T cells are the body’s targeted defenders, each carrying a unique receptor that lets it recognize specific abnormal cells, including cancer. The team sequenced T-cell receptors from 415 tumor samples taken from 145 patients with colorectal, gastric, and liver cancers, and combined this with detailed clinical information. They examined several receptor chains that define two key T-cell families: conventional αβ T cells, which drive most adaptive immune responses, and γδ T cells, which act more like rapid-response sentinels. They found that αβ T cells tended to form large, highly varied clones, while γδ T cells formed smaller, more specialized groups. Patients with more advanced disease, blood-vessel invasion, or distant spread had more complex T-cell receptor patterns, suggesting that tumor progression pushes the immune system into a broader, more complicated battle.

Figure 1
Figure 1.

Different cancers, different immune strategies

Although these tumors all arise in the digestive system, they do not attract or shape T cells in the same way. Colorectal cancers were enriched for particular combinations of receptor gene segments in the classic β chain, pointing to a strong role for conventional T cells. Gastric cancers, by contrast, showed heavier use of γδ T-cell receptors, hinting that these less-studied sentinels may play a special role in stomach tumors. When the researchers zoomed in on the most critical part of the receptor—the short loop that actually contacts targets—they found shared sequence patterns across cancer types, signs that T cells are being steered by common selective pressures. Yet there were also clear differences in length, amino-acid composition, and tiny recurring “motifs” that suggest each tumor type forces T cells to solve a slightly different recognition puzzle.

Shared and unique targets for immune attack

Using a global database of known T-cell–antigen pairs, the authors linked specific receptor patterns to their likely targets. Some antigens appeared in both colorectal and gastric cancers, including well-known drivers and immune-related proteins such as KRAS, SF3B1, BST2, and several classic cancer-testis antigens.
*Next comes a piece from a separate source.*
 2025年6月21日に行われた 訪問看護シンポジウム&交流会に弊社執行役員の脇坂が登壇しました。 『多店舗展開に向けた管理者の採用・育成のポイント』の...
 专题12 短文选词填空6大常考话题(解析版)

These shared targets could support "pan-cancer" strategies that use the same immune tools across multiple tumor types. At the same time, each cancer type also showed its own private targets. Colorectal tumors were linked to antigens such as MAGEA10, WT1, and a fusion gene found only in cancer cells, while gastric tumors uniquely featured PABPC1, a protein involved in controlling messenger RNA. Such tumor-specific antigens are attractive candidates for highly selective vaccines or engineered T-cell therapies that spare healthy tissues.
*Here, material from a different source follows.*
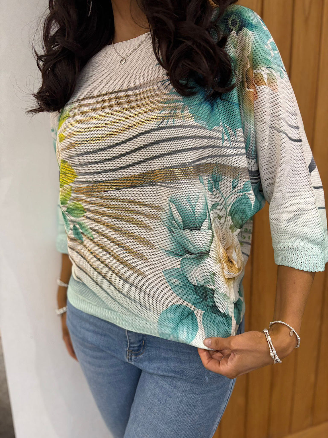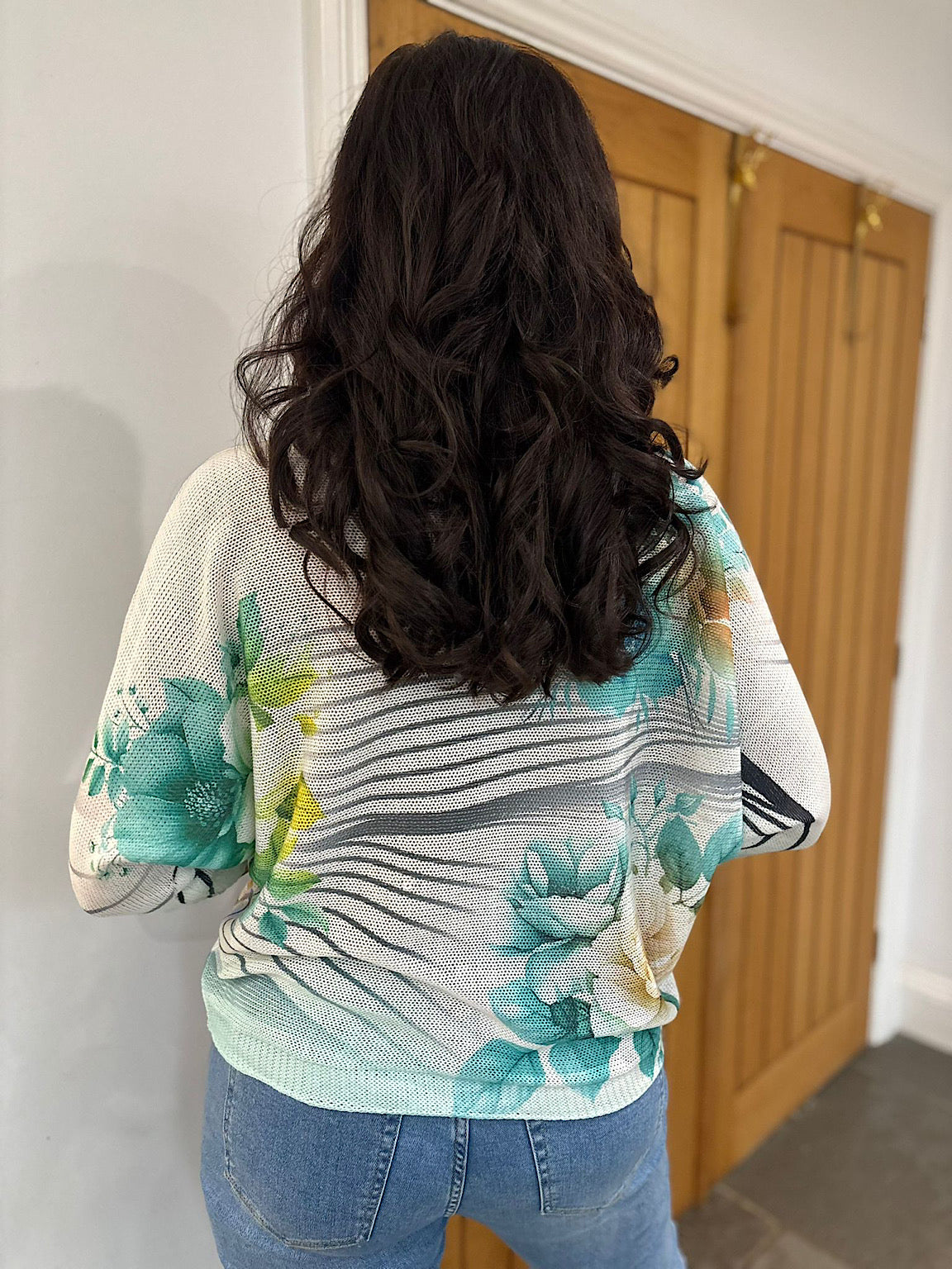 Embrace effortless elegance with this stunning soft knit featuring delicate floral motifs an shimmering metallic stripes. The teal base creates a calming, sophisticated palette that transitions beautifully from day to evening wear. Crafted from a luxuriously soft knit fabric, Dawn offers gentle comfort without compromising on style. The wave-inspired design adds movement and dimension, making this piece a versatile wardrobe essential that works beautifully layered or worn alone. Perfect for those who appreciate understated glamour with a touch of sparkle.

How immune signatures shift when cancer spreads

The study paid particular attention to colorectal cancer that had already metastasized, comparing tumors from patients with and without distant spread. Metastatic tumors were larger, more likely to invade blood vessels, and carried higher blood levels of standard tumor markers. Their T-cell receptor repertoires were also richer and more complex, especially in the β chain, consistent with a tougher and more varied immune contest. By tracking clones shared between non-metastatic and metastatic settings, the researchers grouped them into stable, shrinking, or expanding populations. A striking finding was that some γδ T-cell clones, initially rare in primary tumors, expanded strongly in metastatic disease and became more numerous as tumors grew. Within conventional T cells, an especially expanded set of clones carried a specific sequence motif in the β chain and frequently targeted MLANA, a tumor-associated antigen. High MLANA expression in colorectal tumors was linked to better patient survival, suggesting that this antigen may mark tumors that remain visible to the immune system and responsive to immune-based therapies.

Figure 2
Figure 2.

What this means for future cancer care

Overall, the work shows that the immune landscape inside digestive system cancers is not random but shaped by cancer type, stage, and spread. Specific patterns of T-cell receptors act as readable fingerprints of how the immune system is engaging the tumor, highlighting both shared and cancer-specific antigens. For patients, this points toward a future in which doctors could profile T-cell receptor repertoires from a tumor sample to refine prognosis, choose immunotherapies more intelligently, and even design custom treatments that call on the most effective T-cell clones. In colorectal and gastric cancers, the receptor signatures and antigens identified here provide a roadmap for such precision immunotherapy efforts.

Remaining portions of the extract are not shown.